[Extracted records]
-=-=-=-=-

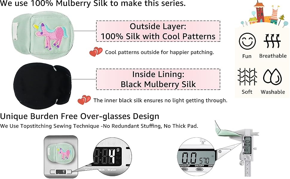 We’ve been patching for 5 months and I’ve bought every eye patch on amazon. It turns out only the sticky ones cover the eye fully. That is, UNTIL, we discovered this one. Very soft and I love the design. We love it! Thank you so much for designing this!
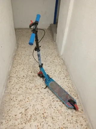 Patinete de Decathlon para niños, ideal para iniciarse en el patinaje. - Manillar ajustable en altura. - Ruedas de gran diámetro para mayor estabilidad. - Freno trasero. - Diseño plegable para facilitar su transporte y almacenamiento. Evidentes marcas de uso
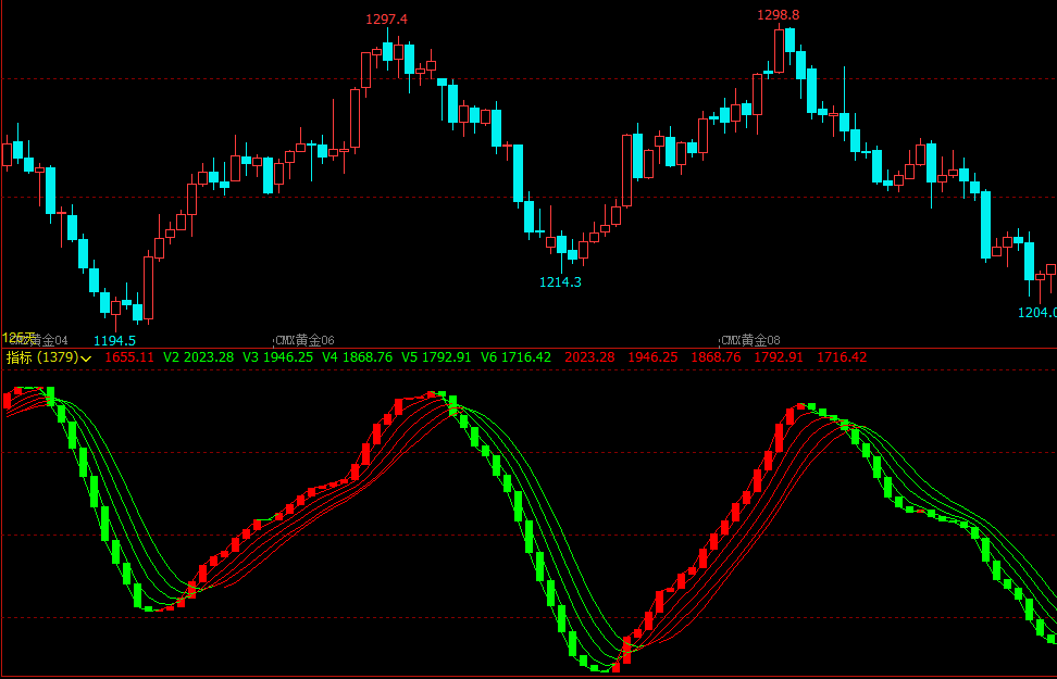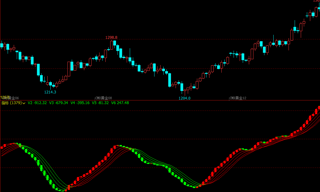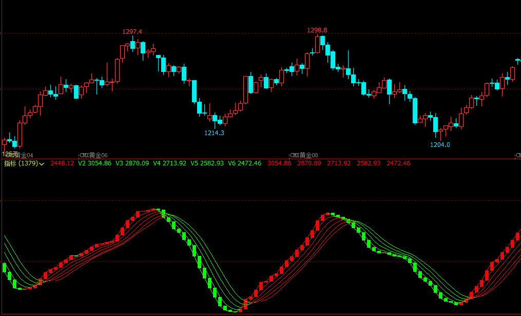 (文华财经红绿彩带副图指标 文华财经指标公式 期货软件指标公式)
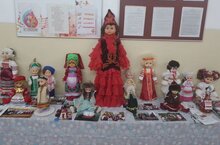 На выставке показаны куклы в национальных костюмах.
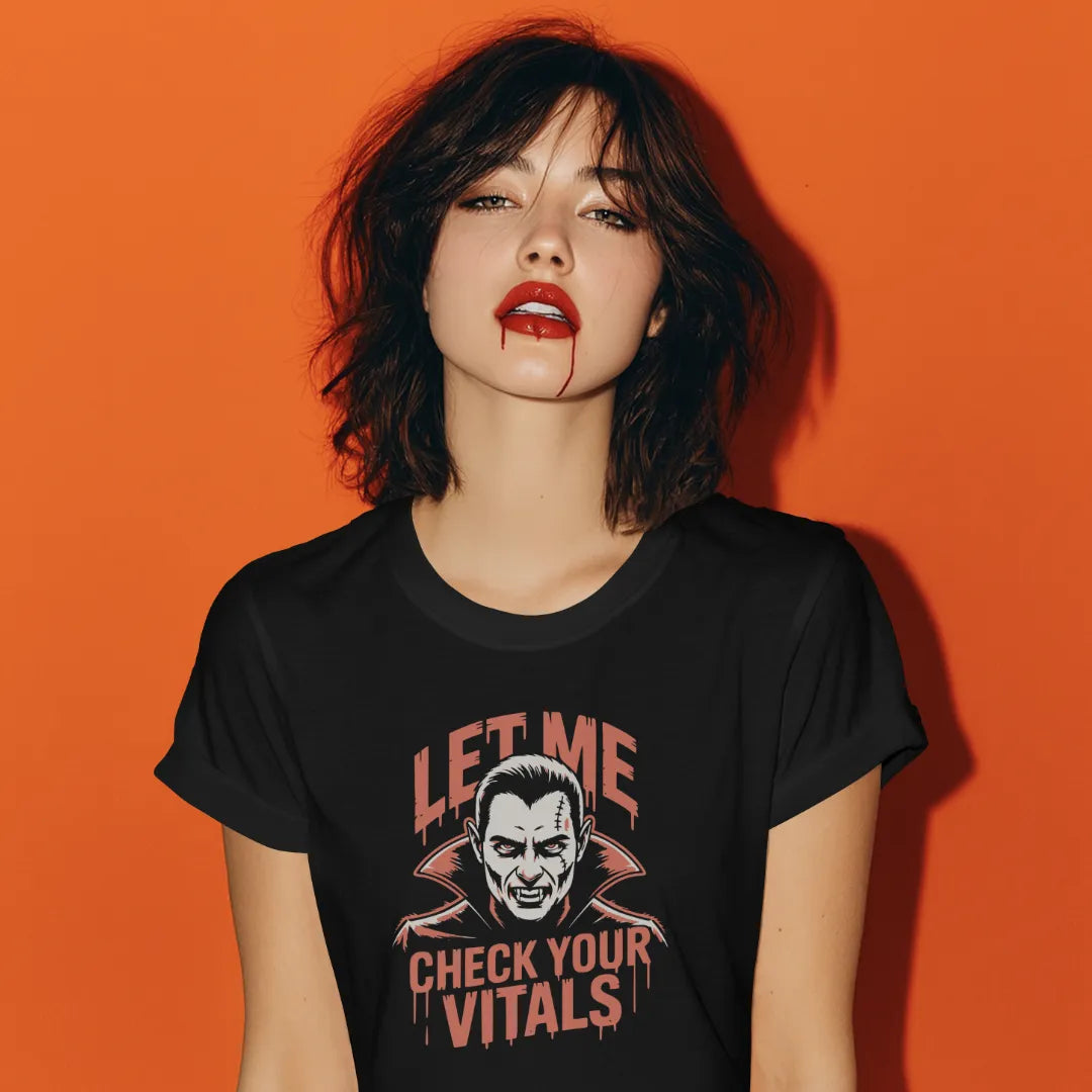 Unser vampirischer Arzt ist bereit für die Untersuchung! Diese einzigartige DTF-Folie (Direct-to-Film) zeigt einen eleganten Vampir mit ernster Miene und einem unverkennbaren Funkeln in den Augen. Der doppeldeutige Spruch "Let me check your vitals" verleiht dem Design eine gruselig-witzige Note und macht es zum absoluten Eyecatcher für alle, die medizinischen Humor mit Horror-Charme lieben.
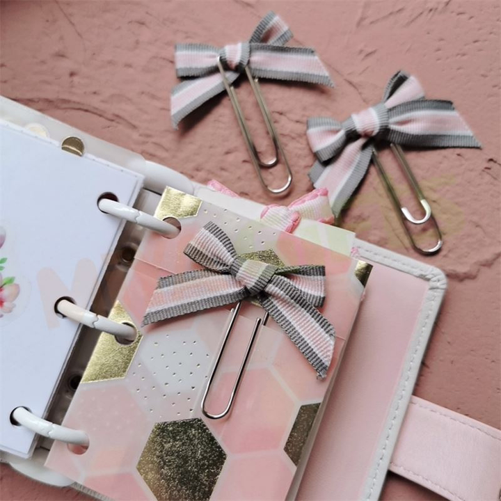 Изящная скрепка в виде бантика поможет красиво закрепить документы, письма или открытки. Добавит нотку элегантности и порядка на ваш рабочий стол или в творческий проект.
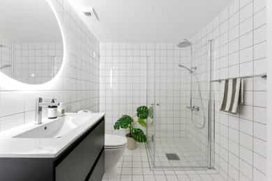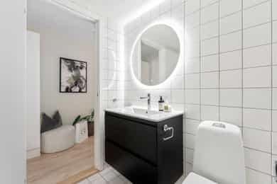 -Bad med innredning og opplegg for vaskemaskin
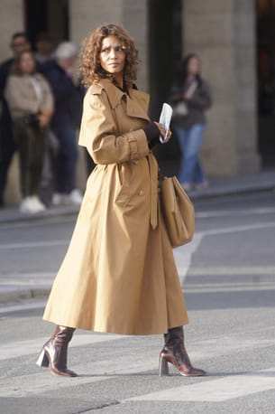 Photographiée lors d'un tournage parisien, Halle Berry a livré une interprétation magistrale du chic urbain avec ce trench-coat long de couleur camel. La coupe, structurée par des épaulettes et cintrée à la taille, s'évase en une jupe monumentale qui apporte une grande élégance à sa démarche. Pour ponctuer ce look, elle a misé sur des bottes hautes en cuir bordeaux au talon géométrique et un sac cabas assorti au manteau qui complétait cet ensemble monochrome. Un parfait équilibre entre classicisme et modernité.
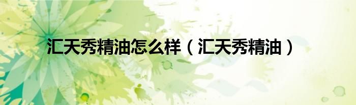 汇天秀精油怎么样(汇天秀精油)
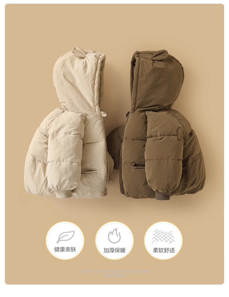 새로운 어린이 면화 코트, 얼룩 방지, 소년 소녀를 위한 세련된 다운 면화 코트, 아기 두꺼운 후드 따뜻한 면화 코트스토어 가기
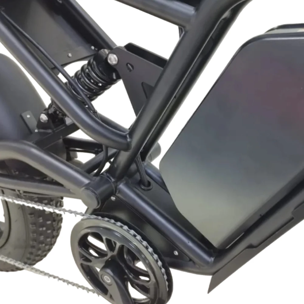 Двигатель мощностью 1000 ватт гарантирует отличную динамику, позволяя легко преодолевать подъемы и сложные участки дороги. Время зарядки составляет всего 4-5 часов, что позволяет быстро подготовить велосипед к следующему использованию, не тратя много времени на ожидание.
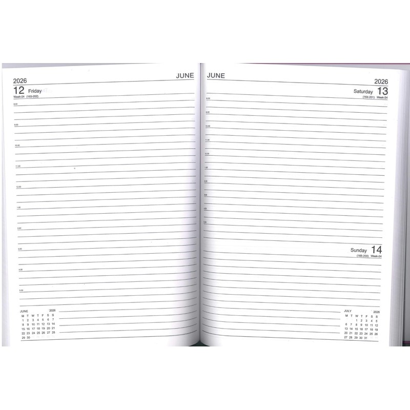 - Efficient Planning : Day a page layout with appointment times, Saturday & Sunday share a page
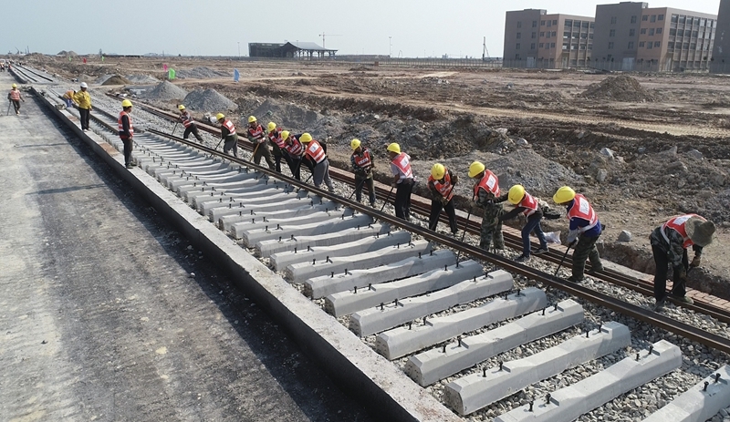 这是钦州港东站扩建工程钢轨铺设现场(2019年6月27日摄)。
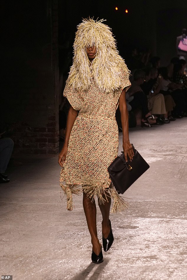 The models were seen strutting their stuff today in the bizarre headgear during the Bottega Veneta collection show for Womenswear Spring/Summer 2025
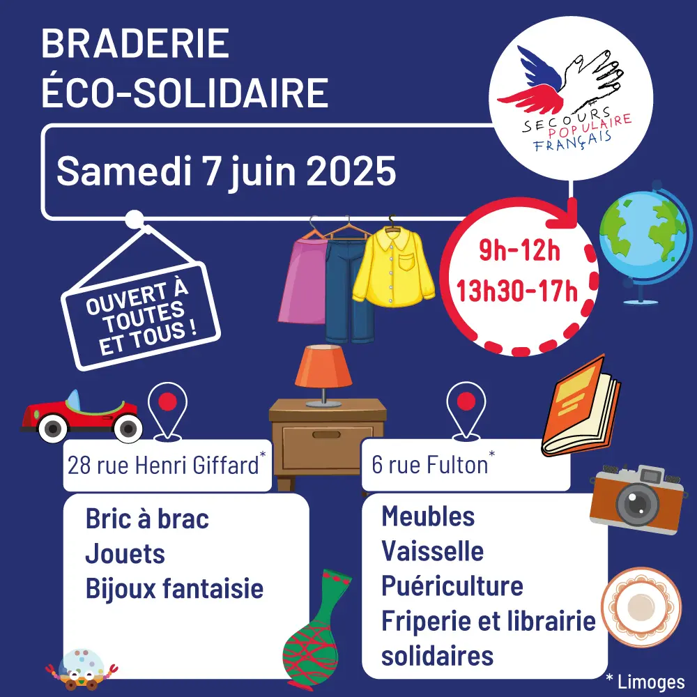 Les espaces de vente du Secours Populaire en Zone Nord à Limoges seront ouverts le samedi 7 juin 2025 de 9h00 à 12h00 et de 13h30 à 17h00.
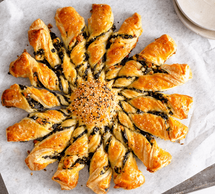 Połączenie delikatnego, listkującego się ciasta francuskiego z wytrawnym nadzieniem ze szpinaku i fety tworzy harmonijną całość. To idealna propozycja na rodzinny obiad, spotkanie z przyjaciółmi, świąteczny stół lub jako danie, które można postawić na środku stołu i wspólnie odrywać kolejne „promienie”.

-=-=-=-=-

### Task to carry out
What's needed is an exact copy of the lines above from the one with "На выставке показаны" through the one with "-Bad med innredning", both included; the pictures stay out.

### Finished task
 На выставке показаны куклы в национальных костюмах.
 Unser vampirischer Arzt ist bereit für die Untersuchung! Diese einzigartige DTF-Folie (Direct-to-Film) zeigt einen eleganten Vampir mit ernster Miene und einem unverkennbaren Funkeln in den Augen. Der doppeldeutige Spruch "Let me check your vitals" verleiht dem Design eine gruselig-witzige Note und macht es zum absoluten Eyecatcher für alle, die medizinischen Humor mit Horror-Charme lieben.
 Изящная скрепка в виде бантика поможет красиво закрепить документы, письма или открытки. Добавит нотку элегантности и порядка на ваш рабочий стол или в творческий проект.
 -Bad med innredning og opplegg for vaskemaskin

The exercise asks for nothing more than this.